I was playing around with hugs today and got stuck at a very simple question:

λ 1 1
:: (Num a, Num (a -> t)) => t

What would that type be? I am having trouble to read this.

And if it has a type, why? I would guess that the expression 1 1 is ill-formed and thus type-checking fails, which is supported by the Haskell compiler.

Dopey answered 13/10, 2015 at 12:6 Comment(0)
L
12

No it is not ill-formed. The type is strange and there probably cannot be any meaningful values for which it makes sense but it's still allowed.

Keep in mind that literals are overloaded. 1 is not an integer. It's anything of type Num. Functions are not excluded from this. There is no rule saying a -> t cannot be " a number" (i.e. an instance of Num).

For example you could have an instance declaration like:

instance Num a => Num (a -> b) where
    fromInteger x = undefined
    [...]

now 1 1 would simply be equal undefined.
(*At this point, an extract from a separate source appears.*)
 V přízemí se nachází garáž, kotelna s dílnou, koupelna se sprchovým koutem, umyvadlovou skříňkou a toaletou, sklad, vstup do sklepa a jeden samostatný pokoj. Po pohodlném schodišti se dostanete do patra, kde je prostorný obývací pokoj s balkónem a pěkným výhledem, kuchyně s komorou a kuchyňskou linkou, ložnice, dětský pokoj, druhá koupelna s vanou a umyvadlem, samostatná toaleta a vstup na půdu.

Not very useful but still valid.

You can have useful definitions of Num for functions. For example, from the wiki

instance Num b => Num (a -> b) where
     negate      = fmap negate
      (+)         = liftA2 (+)
      (*)         = liftA2 (*)
      fromInteger = pure . fromInteger
      abs         = fmap abs
      signum      = fmap signum

With this you can write things like:

f + g

where f and g are functions returning numbers.

Using the above instance declaration 1 2 would be equal to 1. Basically a literal used as a function with the above instance is equal to const <that-literal>.
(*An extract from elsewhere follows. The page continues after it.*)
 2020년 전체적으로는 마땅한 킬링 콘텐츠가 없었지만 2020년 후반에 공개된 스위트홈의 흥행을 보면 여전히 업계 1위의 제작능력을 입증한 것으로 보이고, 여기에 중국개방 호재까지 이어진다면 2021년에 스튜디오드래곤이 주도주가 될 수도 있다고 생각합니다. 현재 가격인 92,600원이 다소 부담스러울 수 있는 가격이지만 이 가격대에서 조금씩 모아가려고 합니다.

Lastly answered 13/10, 2015 at 12:17 Comment(4)
By the way, are there any practical examples of an expression such as 1 2 or True "hello" or "hello" [1,2,3] etc being useful? DSLs I guess?Kozloski
True is not overloaded – it is an actual constructor of the data Bool = False | True data typeAerobatics
@ErikAllik I have never seen this used in this way. It may be possible but AFAIK isn't used.Lastly
Small but important nitpick of "It's anything of type Num.": Num is not a type. Num is a typeclass.Knockabout
R
5

In Haskell, 1 doesn't have a fixed type. It is "any numeric type". More exactly, any type that implements the Num class.

In particular, it is technically valid for a function type to be an instance of Num. Nobody would ever do that, but technically it's possible.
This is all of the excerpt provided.